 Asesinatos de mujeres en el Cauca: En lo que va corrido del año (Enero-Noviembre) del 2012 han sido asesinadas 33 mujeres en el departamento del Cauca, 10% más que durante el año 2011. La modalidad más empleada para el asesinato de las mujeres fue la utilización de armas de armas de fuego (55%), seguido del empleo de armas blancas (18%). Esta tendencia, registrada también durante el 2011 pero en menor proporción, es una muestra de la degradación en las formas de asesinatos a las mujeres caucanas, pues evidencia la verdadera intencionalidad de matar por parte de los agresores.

--

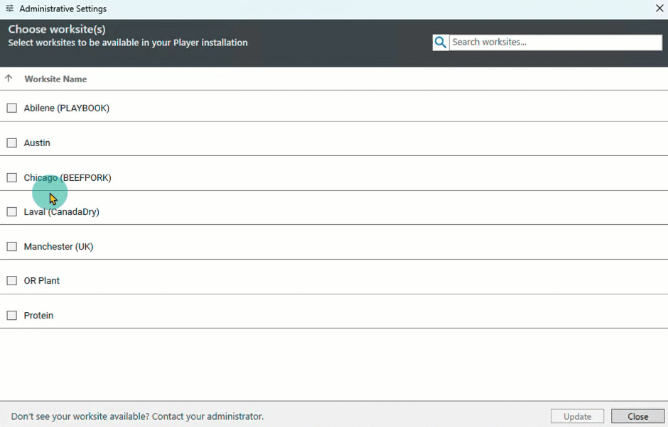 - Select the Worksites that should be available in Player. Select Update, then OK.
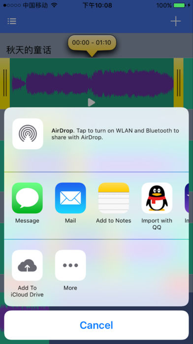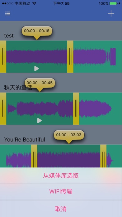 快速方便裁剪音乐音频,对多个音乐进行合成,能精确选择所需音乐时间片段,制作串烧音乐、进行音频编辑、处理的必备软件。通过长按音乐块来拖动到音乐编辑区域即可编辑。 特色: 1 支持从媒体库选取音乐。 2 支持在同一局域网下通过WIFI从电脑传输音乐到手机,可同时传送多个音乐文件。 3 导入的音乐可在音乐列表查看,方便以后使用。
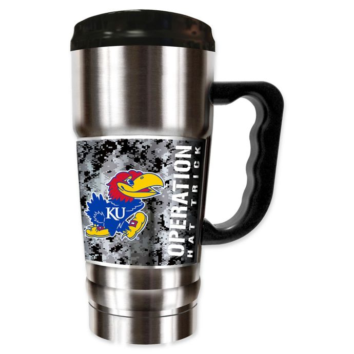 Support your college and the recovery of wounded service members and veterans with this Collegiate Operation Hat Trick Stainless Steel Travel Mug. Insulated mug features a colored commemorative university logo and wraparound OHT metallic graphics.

* * *

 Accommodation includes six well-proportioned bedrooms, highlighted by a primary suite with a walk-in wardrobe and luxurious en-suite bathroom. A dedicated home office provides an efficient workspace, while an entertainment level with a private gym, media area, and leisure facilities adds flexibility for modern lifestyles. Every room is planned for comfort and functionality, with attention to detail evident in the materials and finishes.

What this task involves: Write back word for word every line in the entries above from the one with "- Select the" to the one with "Support your college", ends included, and none of the pictures.

Response to this exercise:
 - Select the Worksites that should be available in Player. Select Update, then OK.
 快速方便裁剪音乐音频,对多个音乐进行合成,能精确选择所需音乐时间片段,制作串烧音乐、进行音频编辑、处理的必备软件。通过长按音乐块来拖动到音乐编辑区域即可编辑。 特色: 1 支持从媒体库选取音乐。 2 支持在同一局域网下通过WIFI从电脑传输音乐到手机,可同时传送多个音乐文件。 3 导入的音乐可在音乐列表查看,方便以后使用。
 Support your college and the recovery of wounded service members and veterans with this Collegiate Operation Hat Trick Stainless Steel Travel Mug. Insulated mug features a colored commemorative university logo and wraparound OHT metallic graphics.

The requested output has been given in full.